けれども、彼女たちと笑い合ってきたのはどうしようもないくらい事実だ。どうしてそんなことになったのかは分からんが、そんな日々を愛おしく感じてしまうのもまた事実だ。
「だから、俺は沙耶の言葉を否定しないよ。たとえ君が、俺をダマしているのだとしても」
仮に沙耶が魔女であるのなら、俺は彼女を許せるかどうかは分からない。
しかし正体が何であれ誰であれ、『楽しかった』という事実だけは否定したくない。
そんな意味を込めて、俺は彼女の疑問に回答した。
「……ふふ、あなたは本当に不思議な人ですね。正体が分かってないままでも、私に優しくするなんて。私、ケッコーおかしなこと言ってると思いますよ?」
「はは、今更だろ。そもそも魔女ハウスの前提がおかしいんだ。おかしな関係なんだから、おかしいことを言われたって何の不思議もないじゃないか」
「ふふっ、それは言えてるかもです」
口元を抑え、彼女は上品に笑う。
厚い唇に、淡い紅のリップ。やはり何度見ても、年下とは思えないほどに妖艶だ。気を抜くと、一瞬で見惚れそうになる。

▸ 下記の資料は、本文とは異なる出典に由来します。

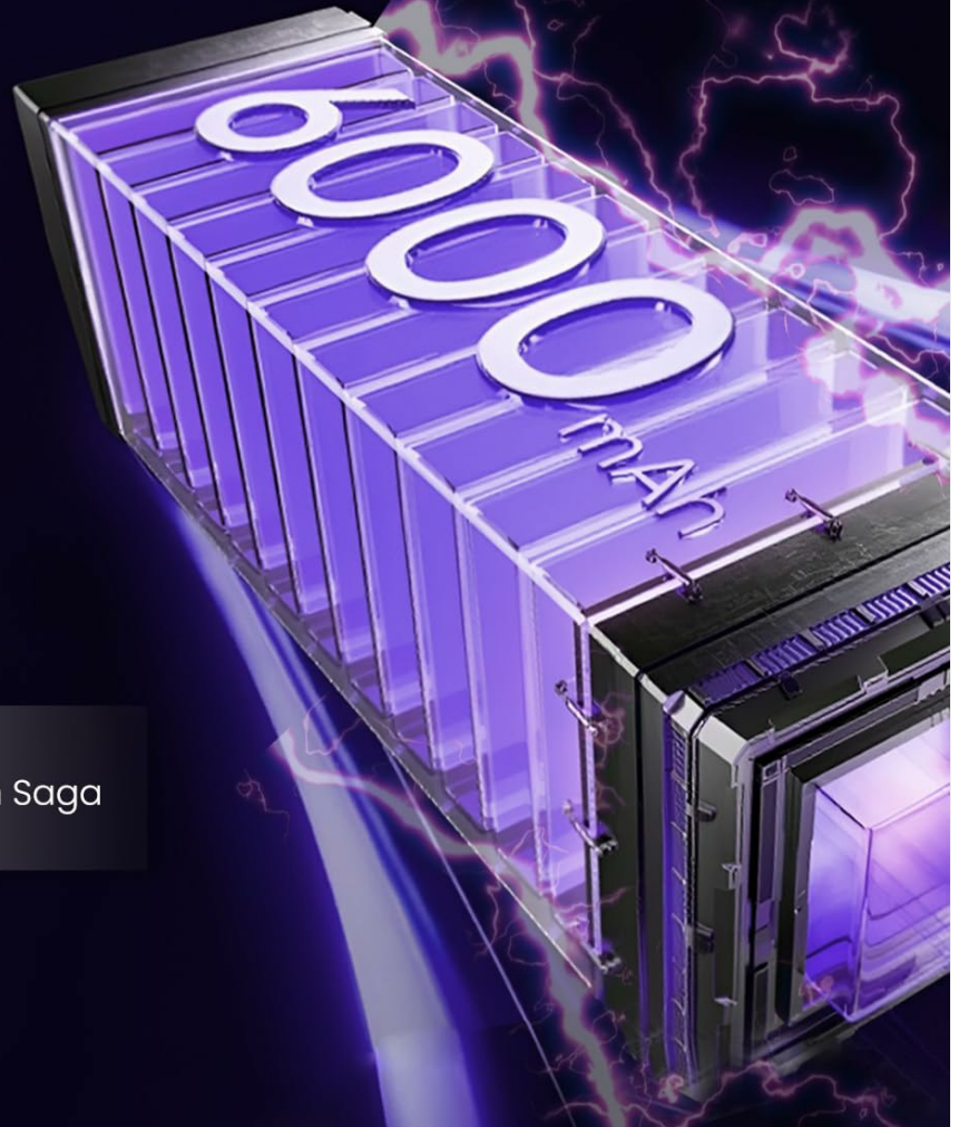
Image: An illustration depicting the 6000mAh battery capacity and 45W fast charging capability of the realme 14x 5G Smartphone, showing estimated usage times for various activities.

「じゃあ、大河さん? おかしなことついでに、もうひとつヘンなことを言っても良いですか?」
「へ? まあ、別に良いけど……」
再び視線を合わせると、彼女は二つ目の問いを投げかけてきた。
「え、えっと、ですね? こう見えて、私ってすごく心が脆くて、打たれ弱いんです。大学でひとりぼっちの時も、実はすごく寂しかったり。私は……一人じゃ、何もできないんです」
「お、おう?」
言葉の意図が汲み取れず、首を傾けて聞き返す。
「だから、大河さんにお願いです」
しかし聞き返したのも束の間、彼女は突然俺の両肩を掴むと、
「もし私がピンチになって、どうしようもなくなったら──その時は、私を助けてくれませんか?」
意図は不明瞭なまま。
それでいて嫌に儚げな表情で、そう告げていた。